Indictment and trial
The appellants were tried together in the District Court of Western Australia on an indictment alleging five counts of conspiracy to commit offences against insider trading provisions of the Corporations Act with respect to securities in AdultShop. The indictment further alleged (for the most part as counts alternative to the conspiracy counts) that Mr Mansfield or Mr Kizon had committed the substantive offences alleged to be the subject of the conspiracy counts. The indictment also charged the appellants with offences relating to trading in securities of another listed company but no issue arises in this Court about those counts and they need not be noticed further.
The prosecution provided particulars of the "information" which it was alleged that the appellants had possessed. Those particulars followed a common form exemplified by the particulars given of count 1:
"In relation to AdultShop, the information of which the two accused were possessed was to the effect that:
a. The expected profit for AdultShop for the 2002 financial year had risen from $3 million to $11 million;
b. The expected turnover for AdultShop for the 2002 financial year had risen from between $30 million and $50 million, to about $111 million;
c. The information at sub‑paragraphs a. and b. above had been obtained on or about 4 January 2002 as a result of private conversation between Malcolm Day, the Managing Director of AdultShop, and a person or persons the said Malcolm Day apparently treated as a confidant."
At trial the case was conducted by the prosecution on the basis that the first two sub‑paragraphs of the particulars (which set out the substance of what Mr Day had said) identified the relevant "information" and that the third sub‑paragraph of the particulars set out facts and circumstances relevant to the materiality of that information.
No evidence was led by the prosecution to establish the truth of any of the statements allegedly made by Mr Day to either Mr Mansfield or Mr Kizon. Evidence was led which showed that any statement that "Packer had bought 4.9% of AdultShop" was false.
At the close of the prosecution case, Mr Mansfield and Mr Kizon submitted that there was no case to answer in respect of any count and that the trial judge (Judge Wisbey) should find the appellants not guilty. Each appellant submitted that the prosecution had not established that he had possessed "information".
The trial judge ruled that the relevant provisions of the Corporations Act were contravened only if the "information" alleged to be not generally available, and to have been acted upon by the accused, was "a factual reality". The trial judge entered judgments of acquittal on all of the counts of the indictment that related to trading in the securities of AdultShop.
Appeals
The prosecution appealed to the Court of Appeal of the Supreme Court of Western Australia against the judgments of acquittal entered by the trial judge. That Court (Buss JA and Murray J, McLure P dissenting) allowed the appeal, set aside the judgments of acquittal and ordered that a new trial be had.
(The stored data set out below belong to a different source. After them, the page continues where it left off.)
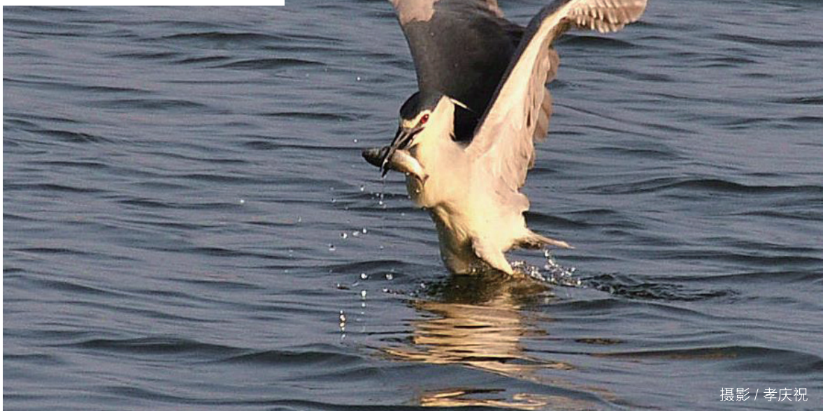
摄影 / 孝庆祝

鹭科夜鹭属，中型涉禽。头顶、虹膜血红色，眼先裸露部黄绿色，后颈、枕、羽冠及背部黑色，枕部具嘴黑色，跗跖和趾黄色。繁殖期为2~3根狭白色冠羽。下体白色。翅及尾羽灰色，腰、两翅和尾羽灰色。繁殖期为4~9月，卵孵化期22~26天，育雏期30~35天。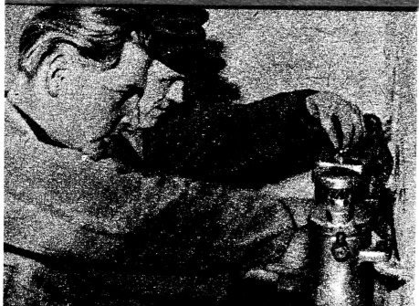
Die Genossen der Parteiorganisation der MAS Niedersachsen versäumen keine Gelegenheit, um mit den Bauern ihrer Orte über die Beschlüsse und Verordnungen unserer Regierung zu sprechen.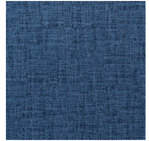
NOCTURNE MURA 2334 Saphir 106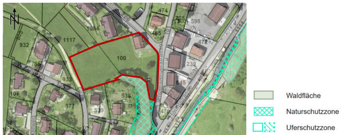
Abbildung 5 Natur- und Uferschutzzonen (rote Umrandung = Bauzonenfläche der Parzelle Nr. 100)

Im Waldbaulinienplan "Stollten" wird die Naturschutzzone insofern berücksichtigt, als dass die Waldbaulinie an Stellen, wo die Naturschutzzone über die statische Waldgrenze hinausgeht, mit 10 m bzw. 15 m Abstand zur Naturschutzzone festgelegt wurde (ausgenommen Parzelle Nr. 538). Da die Naturschutzzone im nördlichen Waldabschnitt deckungsgleich mit dem Waldgebiet ist, ist davon auszugehen, dass auch mit dem Abstand von 10 m bzw. 15 m ein angemessener Abstand zur Naturschutzzone eingehalten wird.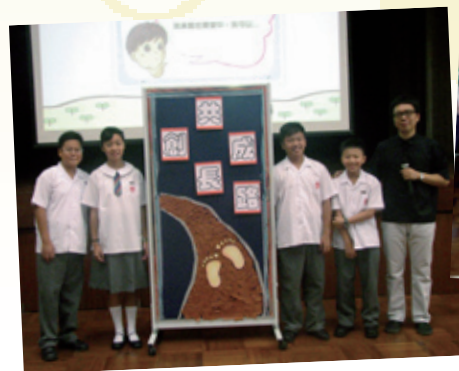
參加「共創成長路」計劃，幫助學生健康成長。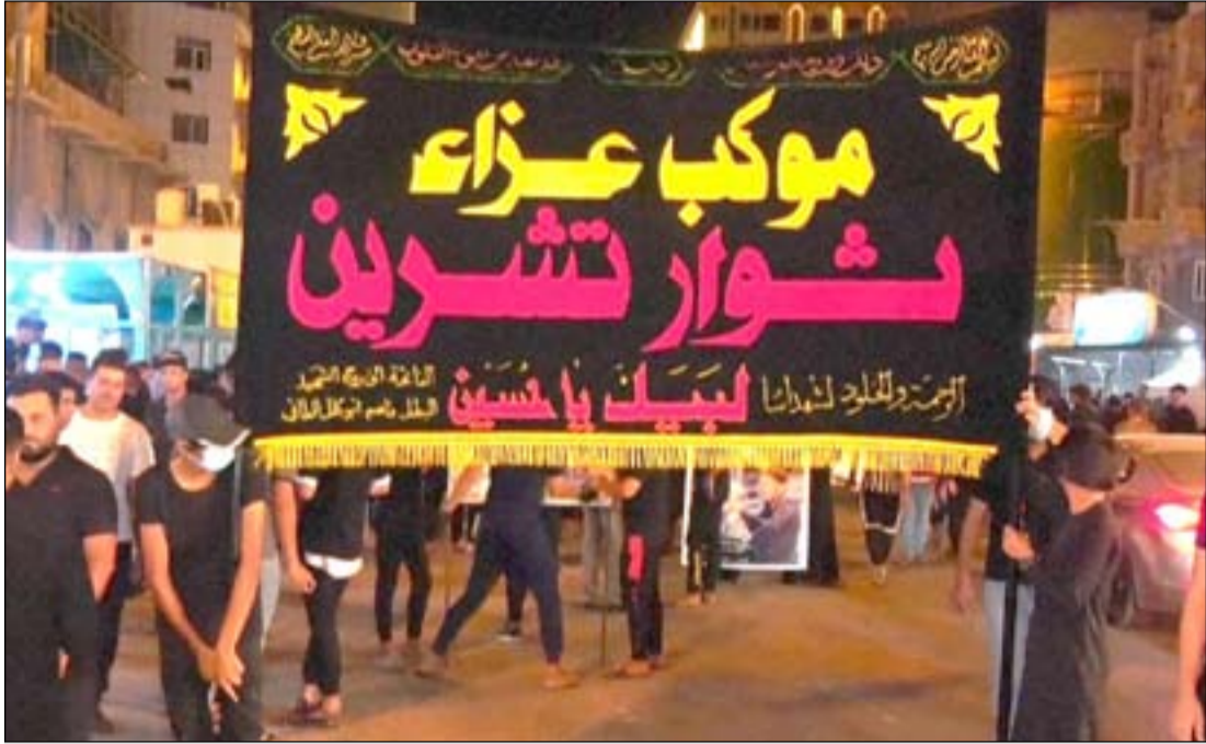
موكب حسيني يستذكر شهداء انتفاضة تشرين

وأضاف كريم، ان "الخطة تتضمن نشر المزيد من القوات الأمنية والدوريات الالية والرجالة في مواقع اقامة المواكب الحسينية والميادين العامة والاسواق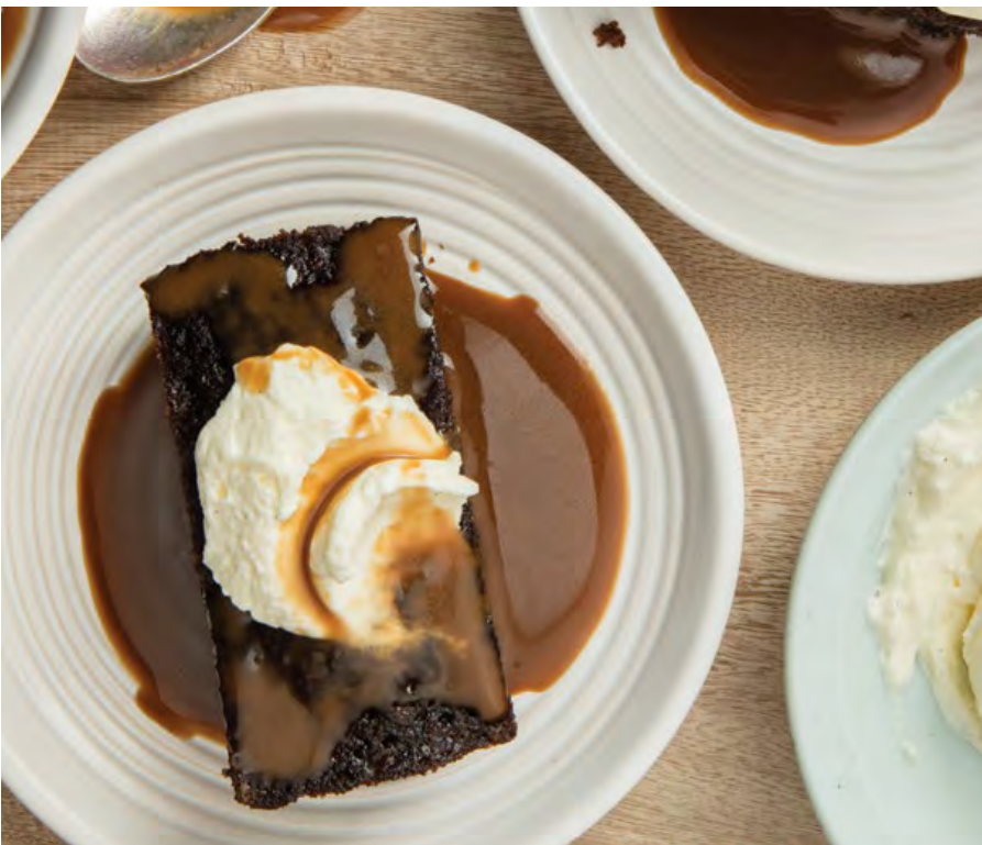
STICKY TOFFEE PUDDING Para calentar en casa $15.900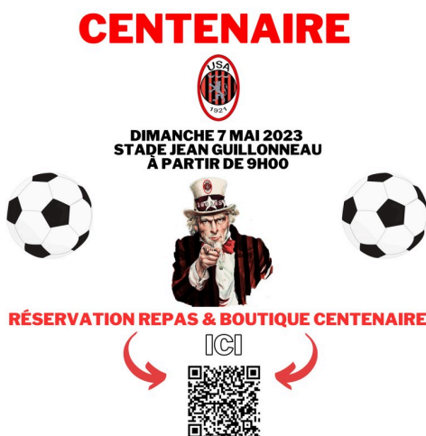
Affiche 3 Centenaire (B).jpg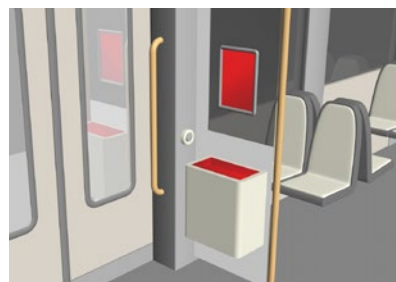
RailPosterMidi Promo Werbung mit Musterkorb Beste Platzierung im Einstiegsbereich sorgt für gute Sichtbarkeit.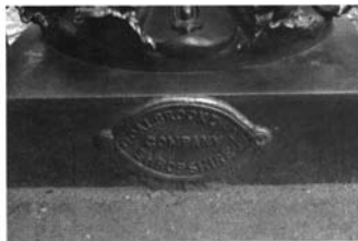
Detalles de la verja de Kensington Garden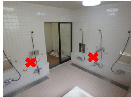
女子：利用可能シャワー3か所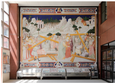
7 フレスコ壁画の再現 イタリアのサンタクロッチェ教会大礼拝堂の修復プロジェクトと並行して原寸で復元した壁画「聖十字架物語」。14世紀末と同じ材料と技法を用いた。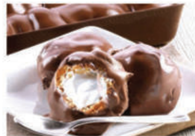
Profiterole al cioccolato nero € 4.00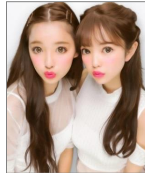
プリ機『HIKARI2』写り仕上がりにイメージ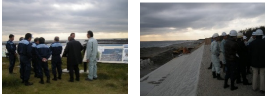
福田港 サンドパイパス 竜洋 防潮堤整備事業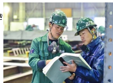
【チームで協力しながら仕事をします】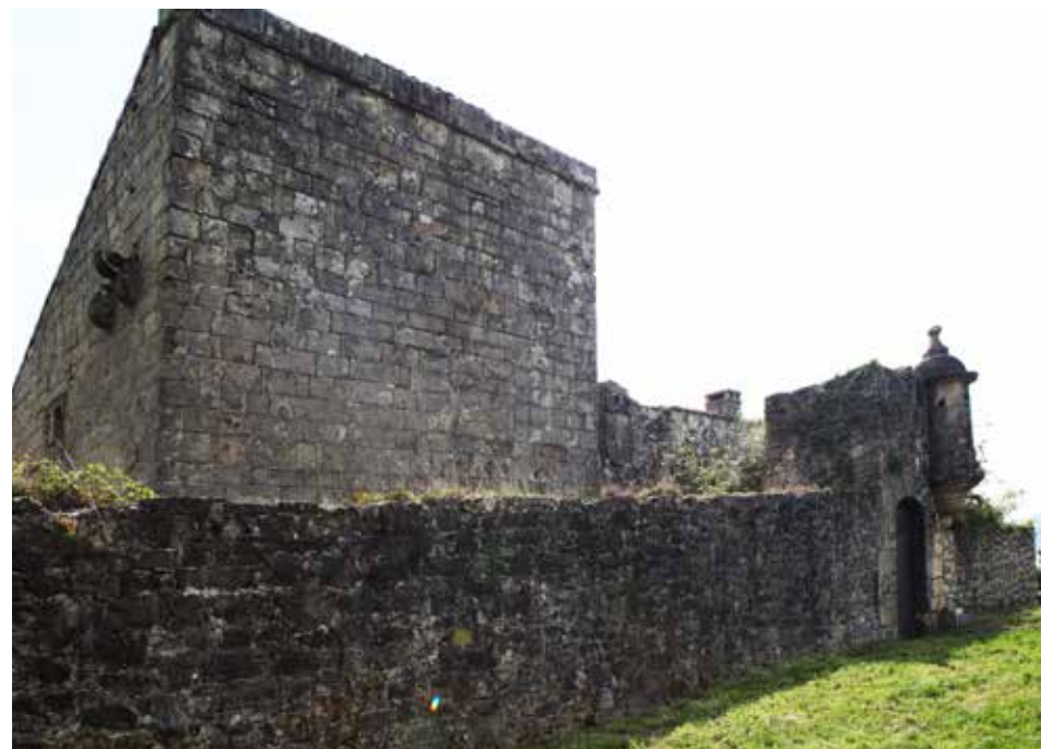
Castillo de San Telmo. Acceso. En primer término el torreón.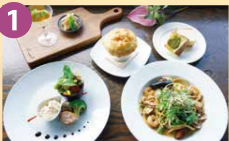
1 グランカフェシーブリーズ1976 パスタコース「オペラ」 税込 2,980円~ Google Map→

大人気「あおき醤油のクリームパスタ」をメインにスープやエスカベッシュ、デザートまで付く大満足!大満腹のパスタコースをご賞味ください!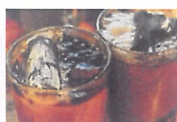
Vă împărtășesc secretul furat de...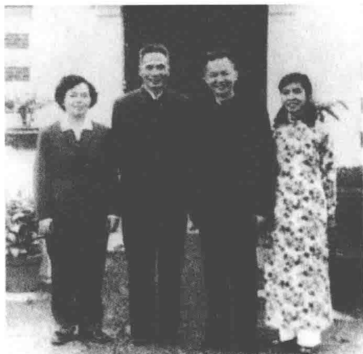
1962 年与越南前总理范文同在总理府合影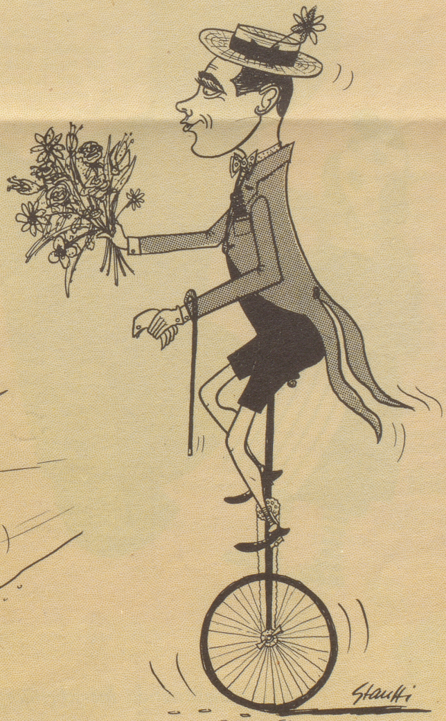
Pedaleur de Charme Kobler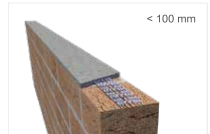
Murfor® Compact E-35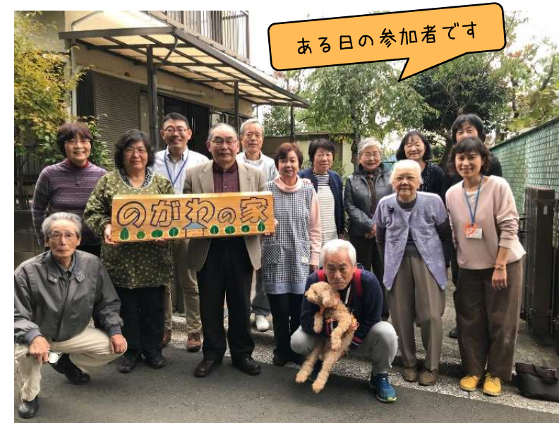
ある日の参加者です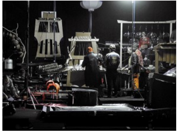
Harry Partch: Delusion of the Fury, Probenszene.

Den Beginn markiert in dieser Saison das Musiktheater des Amerikaners Harry Partch, ein Stück zwischen Traum und Wahn namens „Delusion oft he Fury“. Mit vom Komponisten eigens gebauten Instrumenten und von ihm aufgezeichneten Tonsystemen. Das Bühnenmodell, das im Programmbuch zu sehen ist, wirkt wie aus dem Baukasten eines Futuristen. Das Original gibt's dann in Bochums Jahrhunderthalle zu bestaunen.

By special leave the appellants appealed to this Court.
Relevant provisions of the Corporations Act
At the time of the earliest of the alleged offences, the Corporations Act dealt with certain prohibited conduct in relation to securities in Div 2 of Pt 7.11 (ss 995‑1001D) and dealt separately with the subject of "insider trading" in Div 2A of Pt 7.11 (ss 1002‑1002U). Division 2 of Pt 7.11 prohibited misleading or deceptive conduct in or in connection with any dealing in securities and created various offences, including stock market manipulation, false trading and market rigging transactions as well as offences depending upon a fraudulent intent, an offence of disseminating information about illegal transactions and offences in connection with continuous disclosure requirements.
For present purposes, the central provision of Div 2A of Pt 7.11 was s 1002G, which prohibited certain conduct by persons in possession of "inside information". The appellants were charged with conspiracy to commit a contravention of s 1002G (contrary to s 1311(1) of the Corporations Act) and Mr Mansfield was charged with committing the substantive offence. Sub‑section (1) of s 1002G identified when the other provisions of the section were to apply. It provided:
"Subject to this Division, where:
(a) a person (in this section called the insider) possesses information that is not generally available but, if the information were generally available, a reasonable person would expect it to have a material effect on the price or value of securities of a body corporate; and
(b) the person knows, or ought reasonably to know, that:
(i) the information is not generally available; and
(ii) if it were generally available, it might have a material effect on the price or value of those securities;
the following subsections apply."
Sub‑section (2) of s 1002G relevantly provided that the insider must not (whether as principal or agent) buy or sell, or procure another to buy or sell, the securities. Sub‑section (3) relevantly provided that the insider must not, directly or indirectly, communicate the information or cause it to be communicated to another, if the insider knows or ought reasonably to know that the other person would be likely to buy or sell or procure another to buy or sell the securities.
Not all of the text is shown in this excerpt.